Olvidó recoger a nuestro hijo del jardín de infancia.

Olvidó recoger a nuestro hijo del jardín de infancia.

La profesora me llamó a las 6:17 p.m. Su voz era tranquila, demasiado tranquila. Me preguntó si todo estaba bien en casa. Yo iba en el autobús de regreso del trabajo, atrapada en el tráfico, con la laptop sobre las piernas.

Le dije: «Mark ya debería estar allí.» Se quedó en silencio un segundo. Luego dijo: «Anna, solo está Ethan aquí. Todos los demás se fueron hace una hora.»

Mark tiene 37 años, es caucásico, alto, con cabello castaño oscuro siempre peinado hacia atrás con gel, camisas de negocios azul marino y delgado. Es «el responsable». El que nunca olvida cumpleaños, pagos, vacunas.

Lo llamé de inmediato. No respondió. Otra vez. Correo de voz. Su voz grabada y alegre sonaba extraña en mi oído.

Le dije a mi jefe que tenía que irme. Sin explicaciones. Solo tomé mi abrigo gris, mi vieja mochila negra y salí corriendo de la oficina. Ni siquiera recuerdo cómo llegué al jardín.

Ethan, de 5 años, cabello rizado castaño claro, con una pequeña mochila azul con dinosaurios, estaba sentado en una pequeña silla junto a la ventana. Sus deportivas medio desatadas. La profesora, una mujer cansada con un cárdigan verde, estaba junto a él.

«Mamá, está oscuro», dijo. «¿Papá me olvidó?»

DIJE QUE NO. MENTÍ SIN PENSARLO.

Dije que no. Mentí sin pensarlo. Algo sobre el tráfico, algo sobre reuniones. Firmé el formulario de retraso con la mano temblorosa. La profesora no dijo nada, pero vi la pregunta en sus ojos.

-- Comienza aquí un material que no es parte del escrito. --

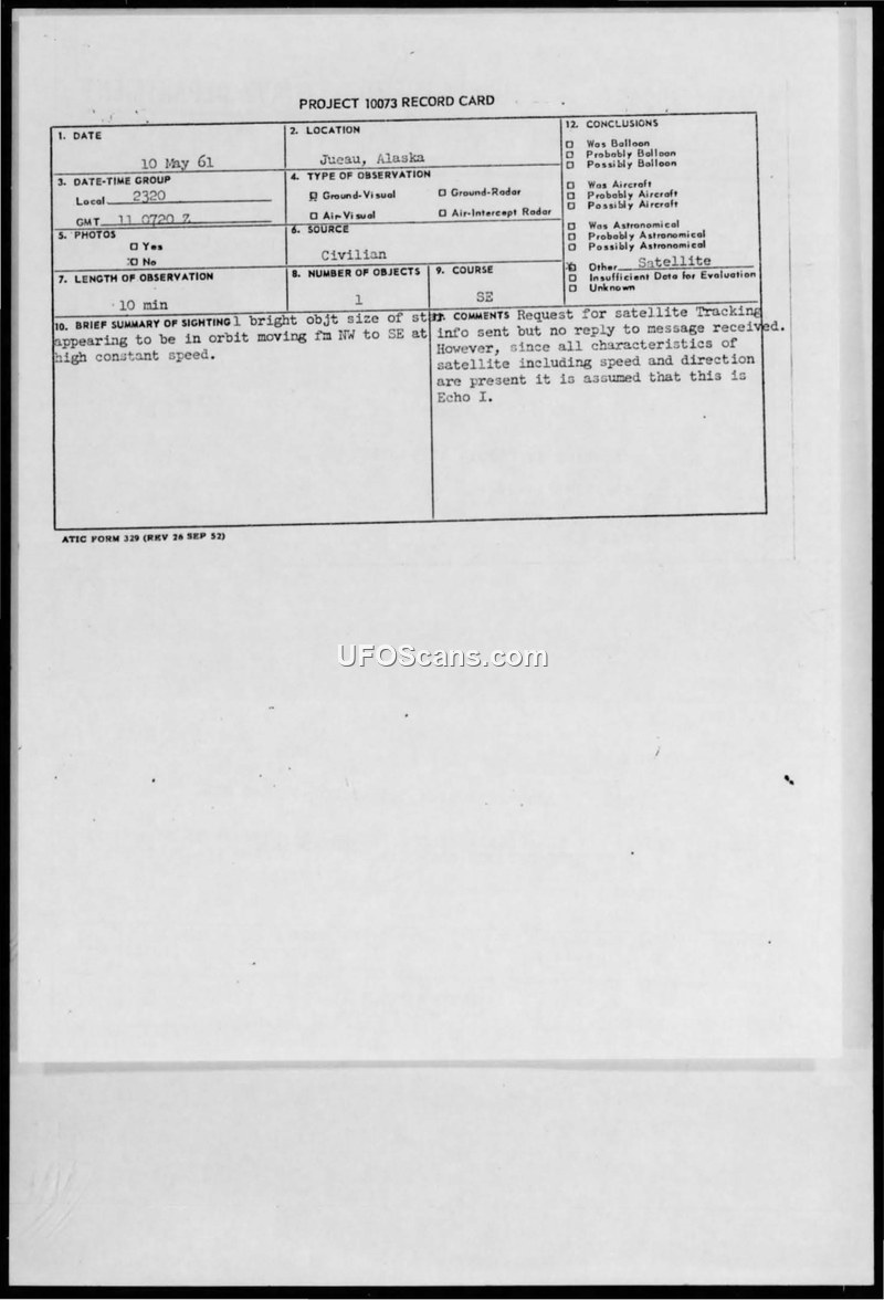 A civilian marine surveyor reported a bright, star-like object moving in orbit over Juneau, Alaska, on May 10, 1961. The object was officially identified by ATIC as the Echo I satellite.
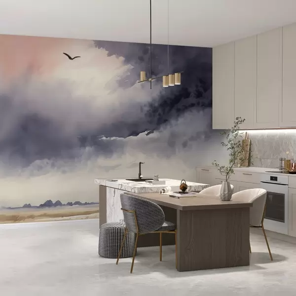 carta da parati Cielo tempestoso sul campo imitazione acquerello nr. w02581
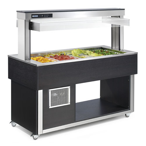 rozmer: 1169x650x1488mm(šxhxv); príkon elektro: 0,25kW/230V; kapacita: 3 x GN1/1 – 200mm; chladenie: statické; prev. teplota: +4/+8°C; elektronická riadiaca jednotka; prevedenie: wenge; RAL za príplatok +10%; 4 kolieska, 4 brzdené; nerezová vaňa; podstavba: krytovaná z bokov so spodnou policou; nadstavba: pevná s odkladacou policou; elektrické spúšťanie a zdvíhanie zákrytu; LED osvetlenie; max. teplota/vlhkosť okolia +25°C / 60%R.H.; príslušenstvo na objednávku:; -bočné manipulačné plochy ; -prídavné vstavané skrinky; -gastronádoby
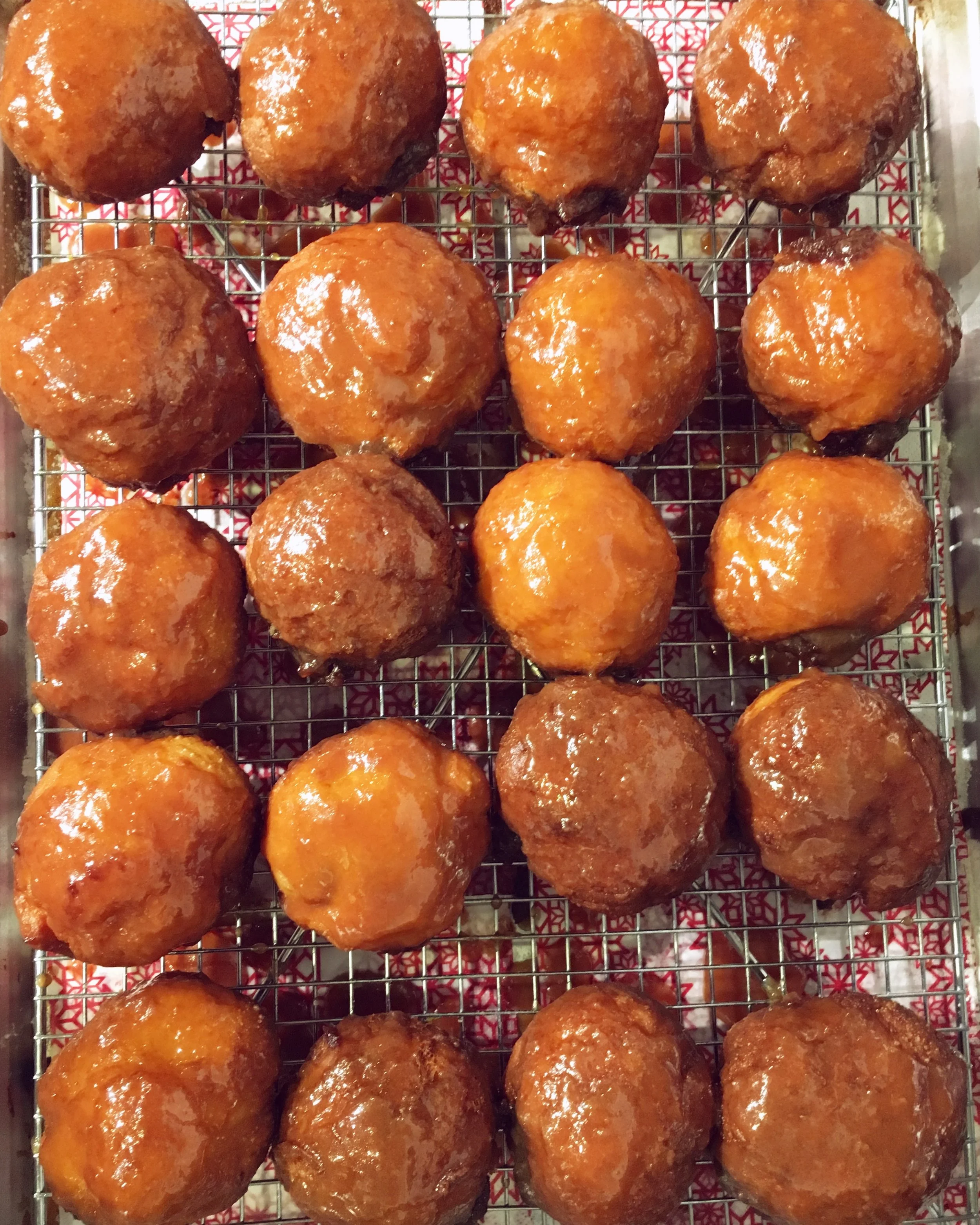 - Drizzle or brush the sauce on the doughnuts while it is still hot and very liquid.

En el camino a casa, seguí llamando a Mark. Nada. WhatsApp mostraba que estuvo en línea por última vez a las 4:03 p.m.

A las 7:46 p.m. finalmente me escribió: «Perdón. En el trabajo. Te llamo después.» Ninguna pregunta por Ethan. Ni «¿Estás bien?» Solo esa línea.

Me quedé mirando la pantalla en nuestra pequeña cocina con azulejos beige y una taza astillada en la mano. Ethan estaba sentado en la mesa, moviendo las piernas, comiendo cereal para cenar porque no tuve tiempo de cocinar.

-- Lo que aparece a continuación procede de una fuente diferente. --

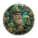 An illustrated leprechaun clad in traditional garb raises a frothy mug of ale amidst a backdrop of lush greenery and clover. With twinkling eyes and a wily grin, he stands as the embodiment of festive folklore, inviting onlookers to a magical celebration of good cheer. The rich, emerald tones and ornate details evoke the spirit of a timeless Irish tradition.
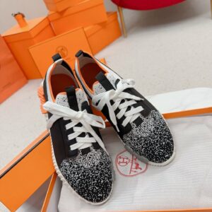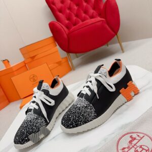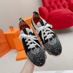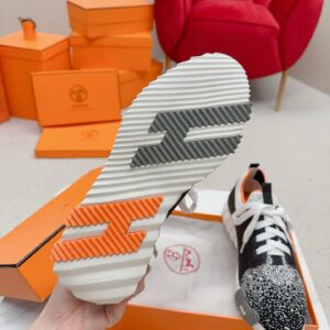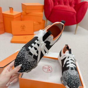The Hermes Depart Sneakers offer a modern, sporty look with a gradient knit calfskin upper and a lightweight rubber sole with a signature orange edge. Perfect for everyday wear and long-term comfort, this sneaker is designed to be lightweight yet supportive.
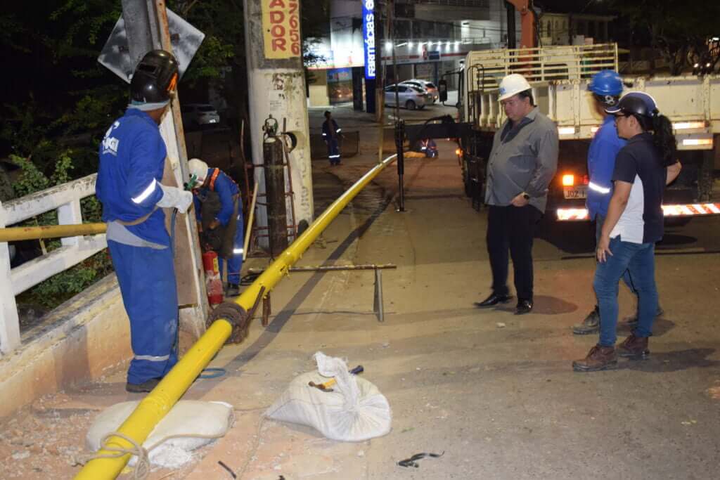 O gerente do setor de engenharia da Companhia, o engenheiro Victor Barbosa, explicou que durante a madrugada foi realizada a implantação do duto dentro da galeria coberta da ponte, com extensão de 50 metros. “Foi realizado o lançamento de duto de aço no interior da galeria da ponte, realizada solda de aço e revestimento, e lançamento de duto de PEAD dentro do tubo camisa de aço. Com essa obra a companhia também irá beneficiar a comunidade ao realizar a substituição do todas as tampas da calçada que não se encontrava em bom estado de conservação, além disso, irá pintar toda a extensão do passeio por onde passam os pedestres e o dois guarda-corpos”, informou.
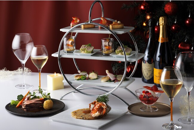ホテル最上階「Bar19(バーナインティーン)」では、聖夜を彩るハイティーに、白と赤の2色のクリスマスカラーをお料理やカクテルに用いました。ドン・ペリニヨンの乾杯にはじまり、シャンパン ヴーヴ・クリコとのマリアージュを楽しむセイボリーには、スタンドに帆立貝柱のマリネやオーブンで焼いた鴨肉、本鮪をレアに揚げたフリットなど白と赤のコントラストに彩られた5種を。メインは、国産牛フィレ肉とフォアグラのソテーをご用意いたします。
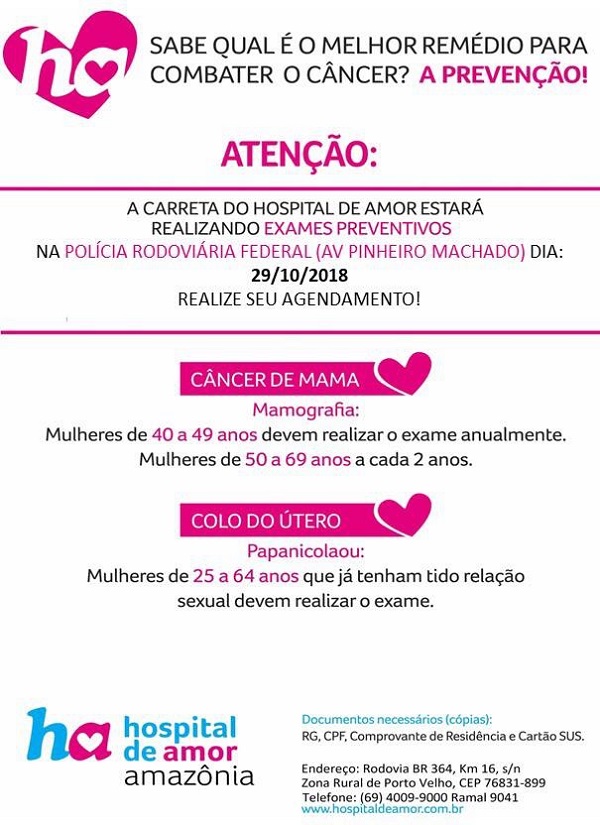 Uma carreta do hospital ficará estacionada na Superintendência da PRF (Avenida Pinheiro Machado, 1276, Porto Velho/RO) e profissionais da área estarão à disposição da população para realização de exames preventivos de câncer de mama e do colo do útero.
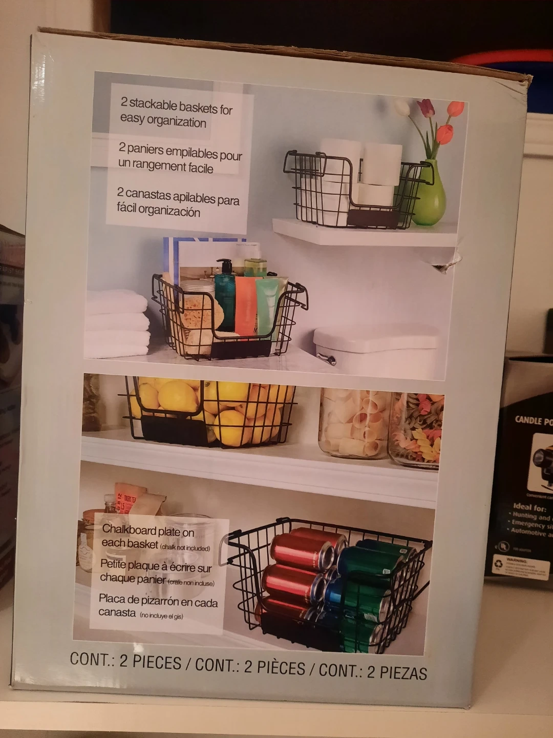 Selling a set of two stackable baskets, perfect for organizing your kitchen or pantry! They're great for storing fruits, vegetables, canned goods, or other household items.Each basket has a chalkboard plate (chalk not included) so you can label the contents.
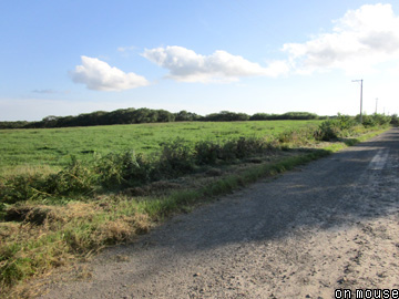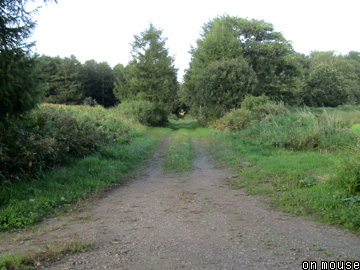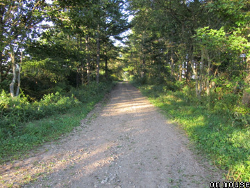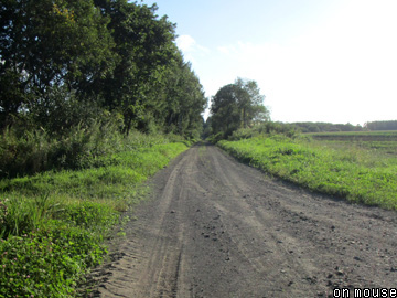 相変わらず牧草地内を駆け抜ける路線は、一旦四十一線で右に折れ、国道272号線を踏み切った後、南八号で左に折れ戻す。線路跡の状態はほぼ変わらず、一部に若干路面状態の良い未舗装路(写真M)が織り交ざる程度だ。
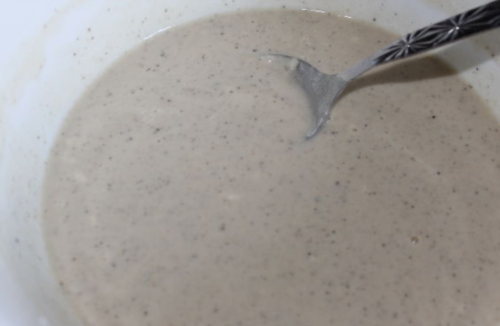 - Потроху вливаємо воду. Готова маса повинна бути без жодної грудочки.

«¿Cuándo viene papá?», preguntó.

«Pronto», respondí.

Mark llegó a casa a las 10:30 p.m. Su camisa blanca estaba demasiado impecable, las mangas remangadas de esa forma cuidadosa que nunca usaba después de un verdadero extra. Olía a un perfume nuevo, no al habitual.

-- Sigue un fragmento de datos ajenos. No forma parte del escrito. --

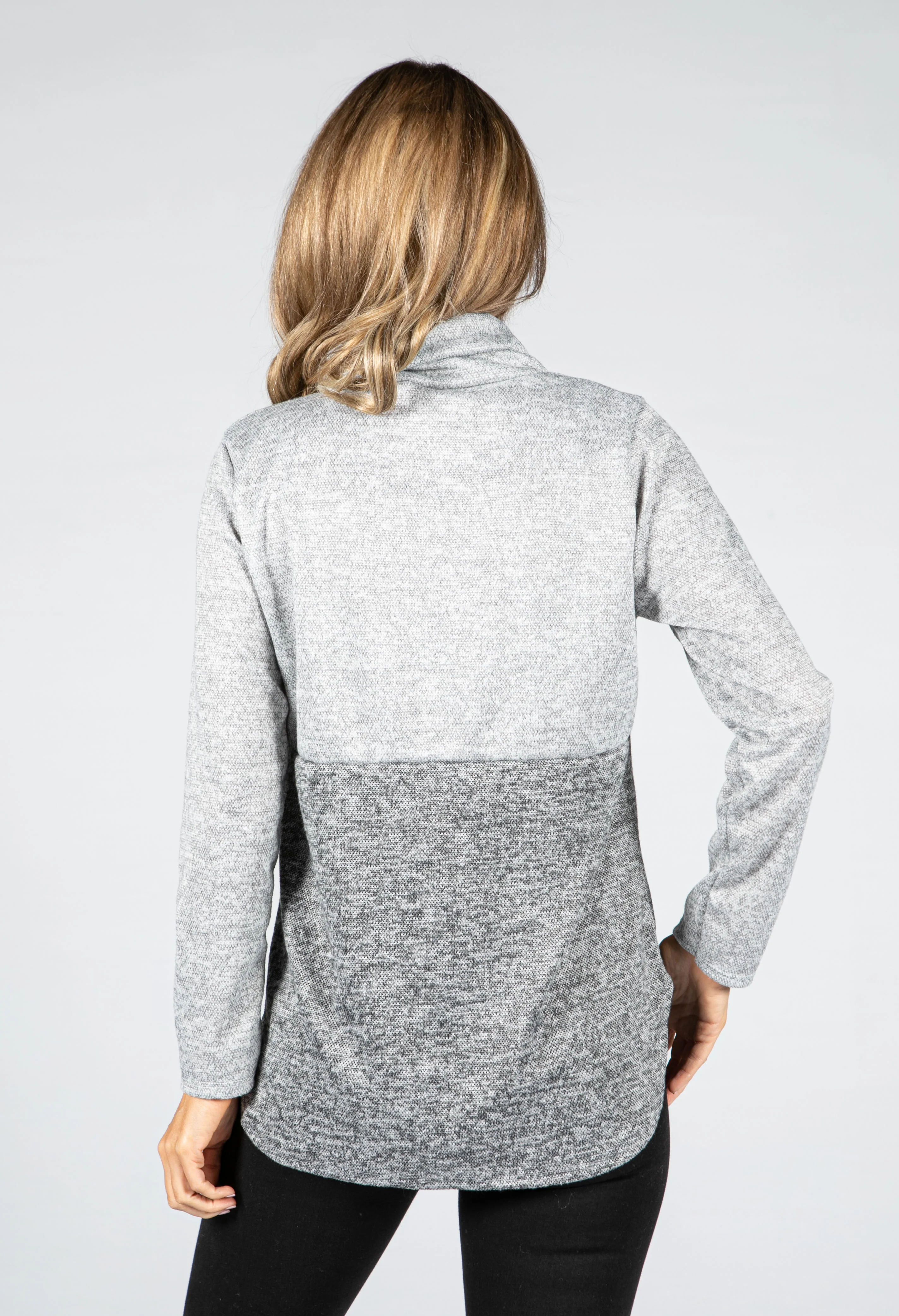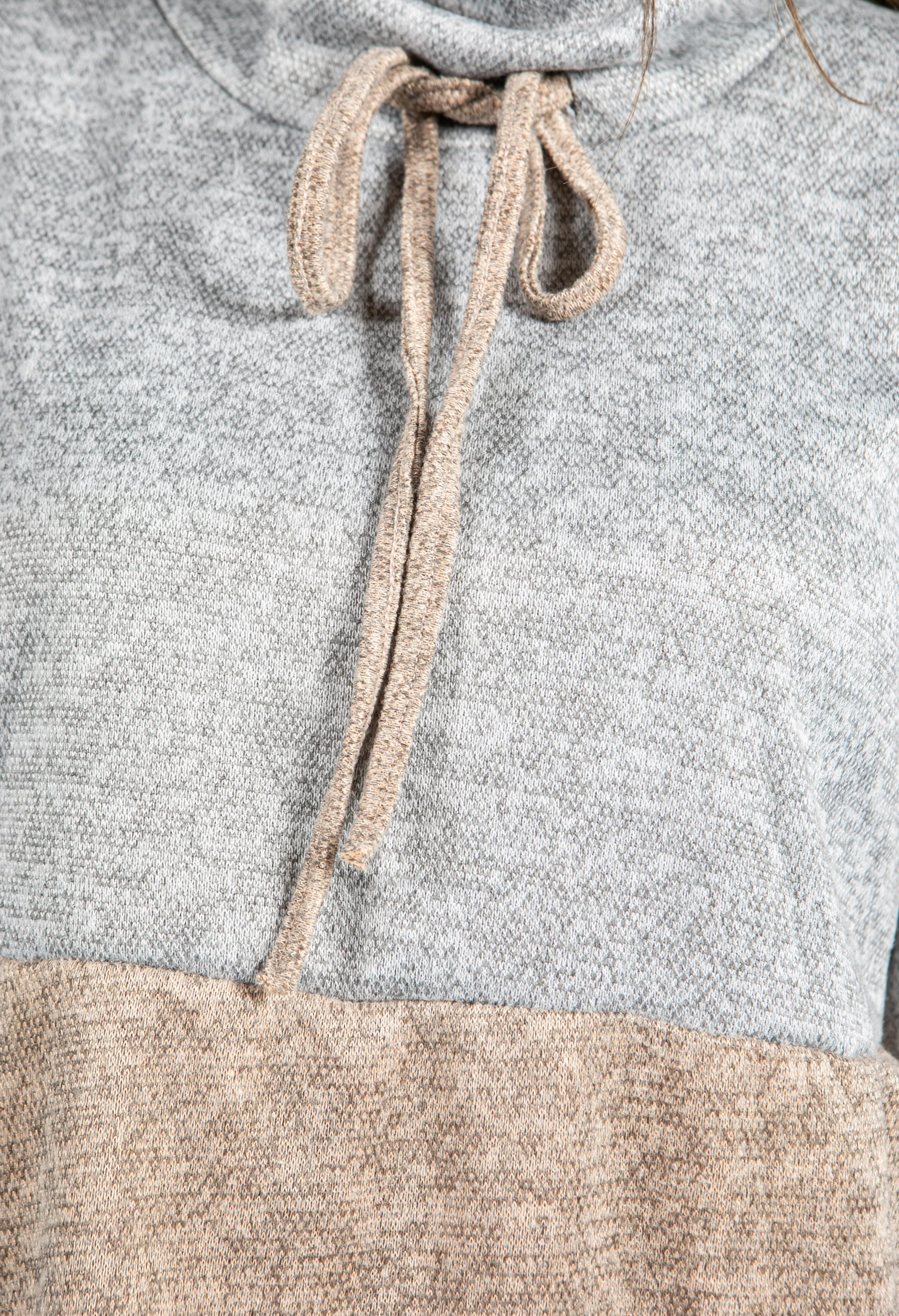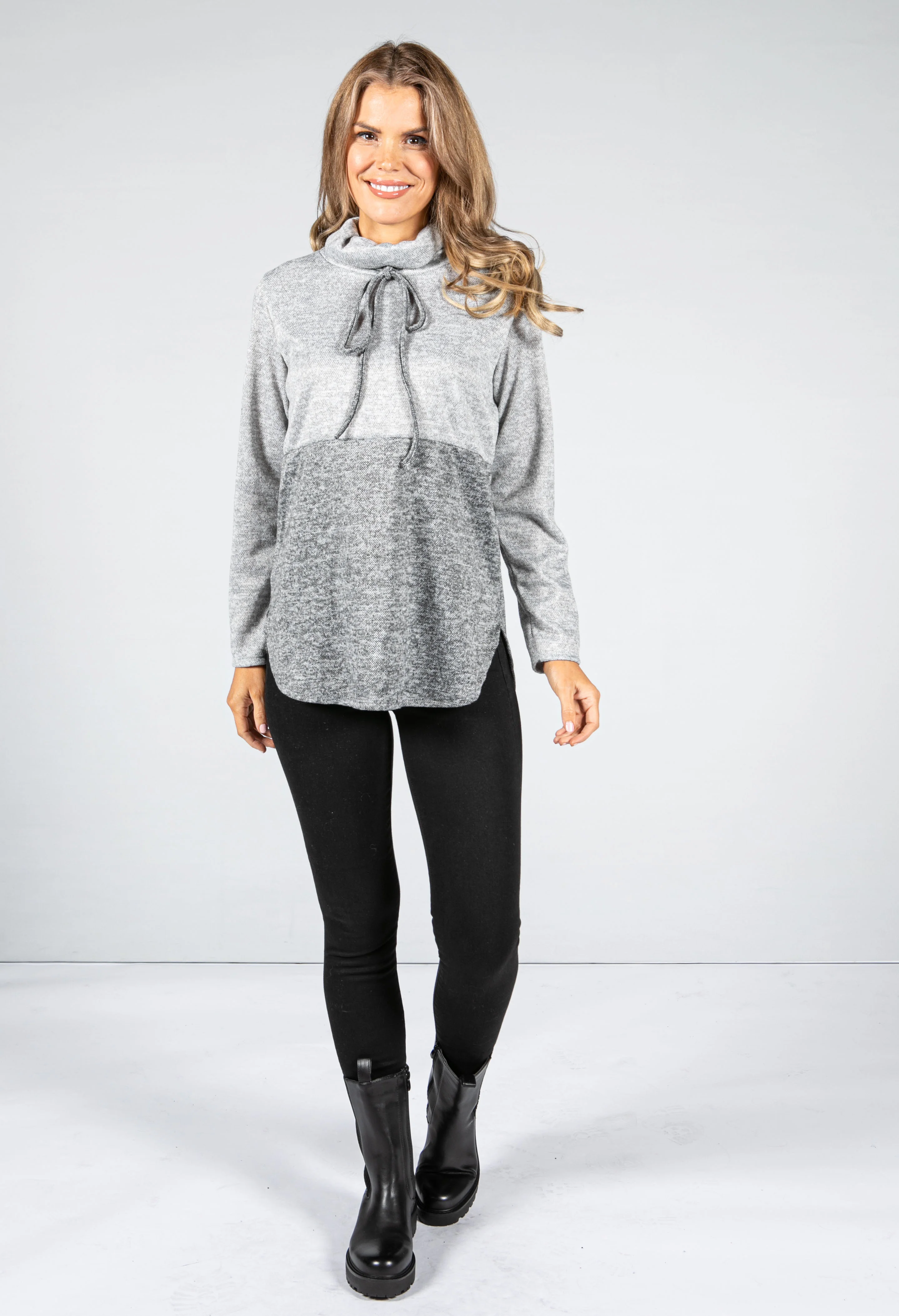 Stand-Up Collar Block Knit Jumper in Light Grey

Besó a Ethan en la cabeza, pero no a mí. Dijo algo sobre un gran proyecto, una reunión urgente, que se le había quedado sin batería el teléfono. Lo dijo con facilidad, como si lo hubiera ensayado.

DESPUÉS DE QUE ETHAN SE DURMIÓ CON SU PIJAMA AZUL DE COHETES, PREGUNTÉ: «¿POR QUÉ NO LO RECOGISTE?

Después de que Ethan se durmió con su pijama azul de cohetes, pregunté: «¿Por qué no lo recogiste?»

Se frotó los ojos. «Te dije. Reunión. Mi jefe estaba allí. No pude irme.»

«Tu jefe llamó hoy», dije. Las palabras salieron antes de pensarlo.

Se congeló. Por poco tiempo. Solo un breve segundo, pero lo vi. «¿Qué dijo?»

«Te estaba buscando», mentí otra vez. «Pensó que estabas enfermo.»

Por primera vez en años, Mark no tuvo una respuesta rápida. Solo se quedó mirando la mesa de la cocina. Había un anillo de agua de su vaso junto a la factura de electricidad sin pagar.

Esa noche no pude dormir. Miraba su teléfono en la mesita como si fuera otra persona en nuestra cama.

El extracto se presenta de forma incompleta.